= Camille Vidal-Naquet =

French director (born 1972)

Camille Vidal-Naquet (born 20 October 1972, Nevers) is a French director.

==Early life and education==
Camille Vidal-Naquet came from an academic background; his parents and siblings are all teachers. He studied Literature, obtaining a master's degree and completing some work towards a PhD. His master's thesis was on literature and film, which he took into the PhD, wanting to write a thesis on Sam Raimi's The Evil Dead before trying to look at Ridley Scott's screenwriting in Alien and then quitting completely to make films. Queer culture scholar David A. Gerstner wrote in a film review that it is the director's academic background that acts as the "driving force for precision" in his work.

==Career==
Vidal-Naquet's first feature film was 2018's Sauvage. His experience working with the Catholic charity Aux captifs la libération helped him to create the film. Sauvage premiered at the Cannes Film Festival in 2018, and became particularly popular with the LGBT+ community in New York City.
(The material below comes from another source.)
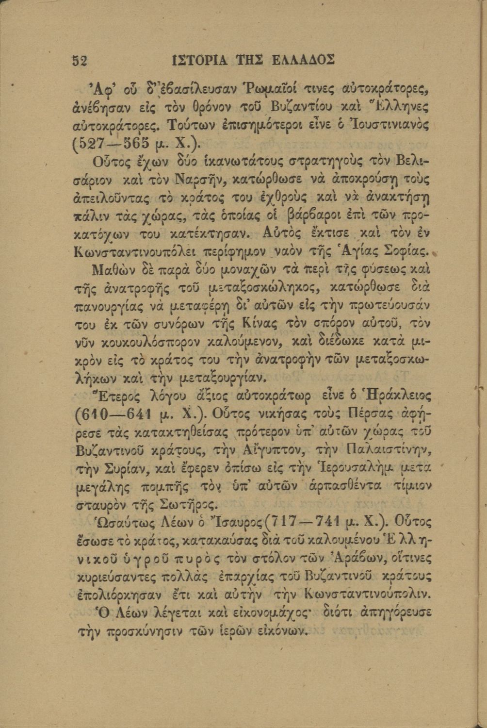 Βαθμίδα εκπαίδευσης: Πρωτοβάθμια Μάθημα: Ιστορία Γλώσσα: Καθαρεύουσα Παρουσίαση περιεχομένου: Σχολικό εγχειρίδιο Ιστορίας Δημοτικού που καλύπτει την περίοδο από τους προϊστορικούς χρόνους μέχρι και την Ελληνική Επανάσταση. |

The film focuses on a young male sex worker, played by Félix Maritaud, with frequent explicit sex scenes; Vidal-Naquet "emphasizes [that] the sex we see in Sauvage is work". During pre-production, Vidal-Naquet and his director of photography Jacques Girault spent months planning out the camera work, performances and, particularly, the lighting and how it would work with other elements; he explained that he "wanted to film the sex scenes to be no different than the others" because "lighting is moral".